The 6th (Poona) Division was a division of the British Indian Army. It was formed in 1903, following the Kitchener reforms of the Indian Army.

World War I
The 6th (Poona) Division served in the Mesopotamian campaign. Led by Major General Barrett then Major General Townshend, the division were the first British Indian troops to land in Mesopotamia in November 1914 at the Fao Landing.
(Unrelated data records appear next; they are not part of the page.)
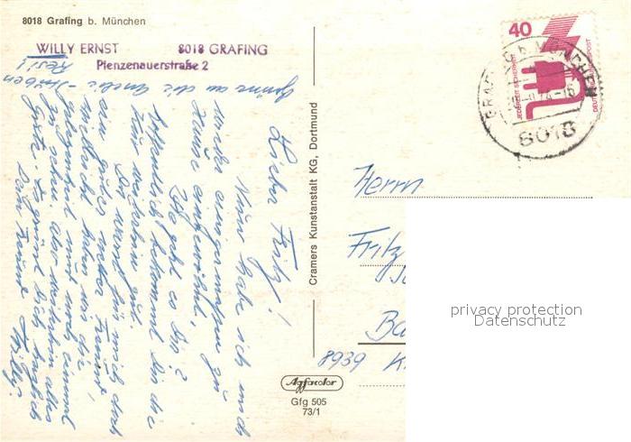 73157790 alte Postkarte Grafing Muenchen Hauptstrasse Volksbank Mariensaeule postalisch gelaufen Erhaltung siehe scans [FriedD77] KatCode: 11110009175122
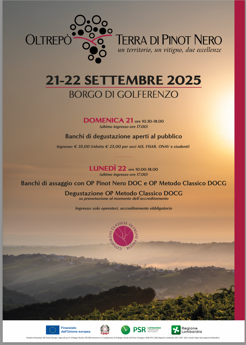 Il 21 e 22 settembre, l’Oltrepò Pavese si racconta attraverso “Oltrepò: Terra di Pinot Nero”, alla sua quinta edizione, un evento ideato dal Consorzio Classese Oltrepò Pavese al fine di creare un autentico momento di incontro tra produttori, stampa, professionisti del settore e – per la prima volta – anche gli appassionati.
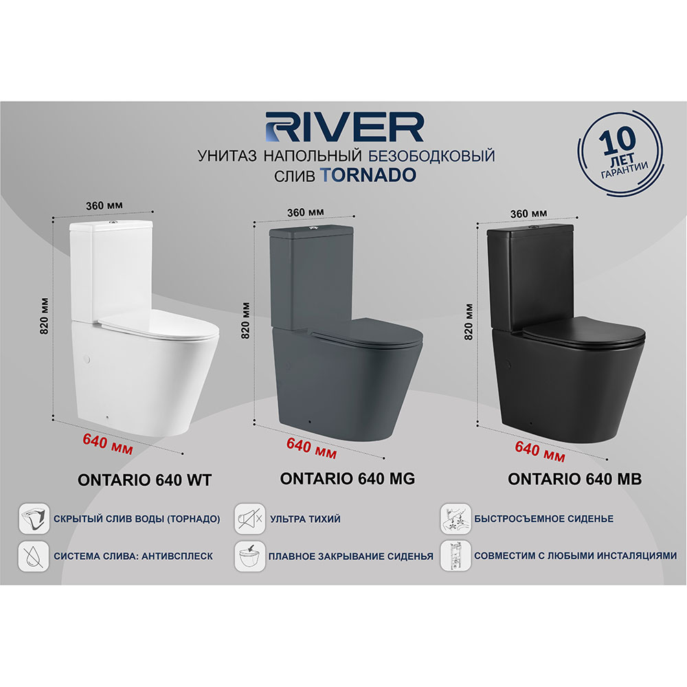 Унитаз подвесной БЕЗОБОДКОВЫЙ River ONTARIO 640 WT смыв Торнадо белый глянцевый 10000013711
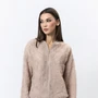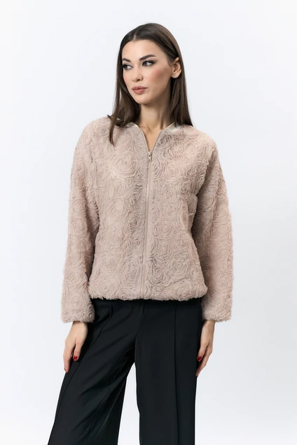 Стильный бомбер. Выполнен из текстильной ткани на подкладке. Изделие с центральной застежкой на металлическую молнию. Горловина со вставкой из отделочной ткани. Рукав спущенный. Низ рукава на резинке. По низу изделия сборка на резинку. Длина рукава 71 см, длина по спинке 60см

After a string of early successes, the 6th Division was delivered a setback at the Battle of Ctesiphon in November 1915. Following this engagement, the division withdrew back to Kut, where Townshend made the decision to hold the city.  After a lengthy siege by the Ottomans, Townshend surrendered on April 29, 1916. 10,061 troops and 3,248 followers were taken captive. Following the surrender, the garrisoned force conducted a forced march back to Anatolia. The suffering of the enlisted soldiers was particularly egregious, and over 4,000 died in captivity.

After the surrender, the Poona Division ceased to exist until another 6th Division was raised in 1920 for the Iraq Rebellion.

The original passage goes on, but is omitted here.